Bribin profile image
20 Replies

After being referred, by my GP, to a consultant haematologist in 2010. She set me down and with little preamble proceeded to tell me that I had CLL. There is no cure she said, but I was in the early stages and no treatment was needed at that time. Shocked and Relieved I took the news like a good trooper. I would be seen regularly for blood test and not to worry it could be years; if even at all, before I needed treatment.

Que Sera, Sera Whatever will be, will be The future's not ours to see Que Sera, Sera.

Before we go any further - please be aware that my warped sense of humour sometimes overtakes my usual cool and collected narrative. I do not seek to offend nor to vent scorn.

We became great friends my consultant and I, during the 5% of the times I saw her when I attended my Watch & Wait appointments (even today she calls me Mr.!). I got to know many of her registrars over the years.

However, come 2013 my W&W appointments went from 6mths to 4mths then monthly to fortnightly in Feb'14. I thought that I had an admirer in the hospital! Why else so frequent requests for attendance?

Alas, instead of a box of chocolates I was half expecting - I had a bone marrow thingie (2 of them), It was mildly uncomfortable except for the incident when the needle hit a nerve and they had to pull me back from the other side of the table to continue. THEN I was offered a course of FRC. Ha! You can keep your 'Whose a lucky boy' comments to yourself. It must be said that I have full confidence in my consultant despite her letting me down with the chocs.

Anyway today Apr 5, I am halfway through my first helping of FRC and on the 17th I get to do it all again. Yea me!!

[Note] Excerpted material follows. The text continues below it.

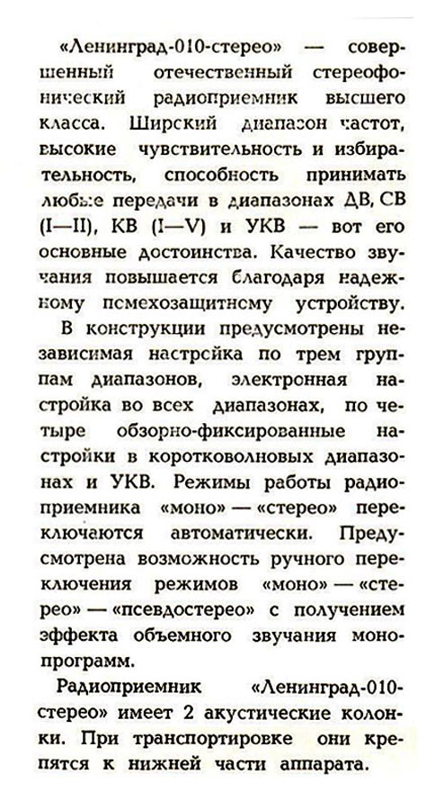 Стереофонический радиоприёмник *Ленинград-010-стерео* с 1979 года выпускал Ленинградский завод *Радиоприбор*. Радиоприёмник **Ленинград-010-стерео** предназначен для приёма радиовещательных станций в диапазонах ДВ, CB-I, CB-II, пяти коротковолновых и УКВ-ЧМ. По параметрам приёмник соответствует требованиям ГОСТ 5651-76 на модели высшего класса, а по некоторым из них имеет и значительный запас. Высокая чувствительность достигнута в диапазонах ДВ и СВ применением 2-х отдельных магнитных антенн, в диапазоне УКВ симметричного вибратора из двух телескопических антенн, в диапазонах KB они включаются параллельно с использованием балансных смесителей каскадов. Высокая селективность обеспечивается многоконтурным ФСС и двумя пьезокерамическими фильтрами. Приёмник имеет три раздельные группы шкал с отдельными ручками для настройки. Предусмотрена и возможность фиксированной настройки на 4 заранее выбранные станции в диапазоне УКВ и такое же число станций в поддиапазонах КВ. Во всех диапазонах возможна бесшумная настройка. Автоматическая подстройка частоты (КВ, УКВ) включается нажатием на соответствующую ручку настройки, причём после этого настройка этой ручкой становится невозможной. В приёмнике имеются световые индикаторы приёма стереофонических передач и многолучевого приёма в диапазоне УКВ, стрелочные индикаторы точной настройки, напряженности поля и напряжения источника питания. Для улучшения звука моно-программ предусмотрен перевод усилителя приёмника в режим псевдостерео. К приёмнику можно подключить внешние антенны, магнитофон, проигрыватель, стереотелефоны. В АС применены широкополосные громкоговорители ЗГД-32. АС крепятся к корпусу и могут разнесены для улучшения стереоэффекта. Питание от 6 элементов А-373 и через встроенный БП от электрической сети. Чувствительность со входов внешних антенн, мкВ (с встроенными антеннами, мкВ/м), в диапазонах; ДВ - 50/800. СВ - 50/500. KB - 30/50. УКВ - 2,5/5. Селективность приёмника; дБ, по каналам: соседнему 70, зеркальному и другим побочным 50...100. Диапазон воспроизводимых частот, Гц, в диапазонах АМ при полосе пропускания: узкая 80...2400, средняя 80...4000, широкая 80...6300, ЧМ - 80...12500. Максимальная выходная мощность, Вт при питании от батарей 2х1,5, от сети 2х4. Потребляемая от сети мощность Вт, 25. Габариты приёмника с прикрепленными АС - 430х388х150 мм. Общая масса 9,5 кг. Розничная цена 375 рублей.

What? Oh you want to know my opinion of the treatment. Well what an unexpected train of events that prompted!

Being a 1st time user of the R=Rituxan in the FRC I got half my dose by IV on Tuesday (the other half planned for Wed). it was applied slowly, oh soo s l o w l y, during which I was given advise about being complacent regarding side effects. I took it all in and finally was released to go home. In hind-site I may have been too literal in interpretation of the warnings. My temperature was over 38.something and I had genuine flu like symptoms. I rang the helpline. They insisted I came back to the hospital. There I got a thorough going over and in the meantime my temperature had normalised and my aches and pains were dispersing. I went home again tired and depleted of energy.

Wednesday morning whilst preparing to go and get my remaining half of R, life outside my egotistical bubble, erupted - a call to the bedside of a close relative brought things into perspective - I missed my IV that day with my consultants blessing and was fortunate to spend a few minutes with my relative before she died.

Thursday morning, as instructed, I had to start my F= Fludarabine and C=Cyclophosphamide tablets. 16 pills between them plus an assortment of other tablets. Friday and Saturday same routine. I wouldn't say I enjoyed taking them nor the 3 litres of water, but when all is said and done the worst the happened me; apart from many many trips to the toilet, was minor nausea.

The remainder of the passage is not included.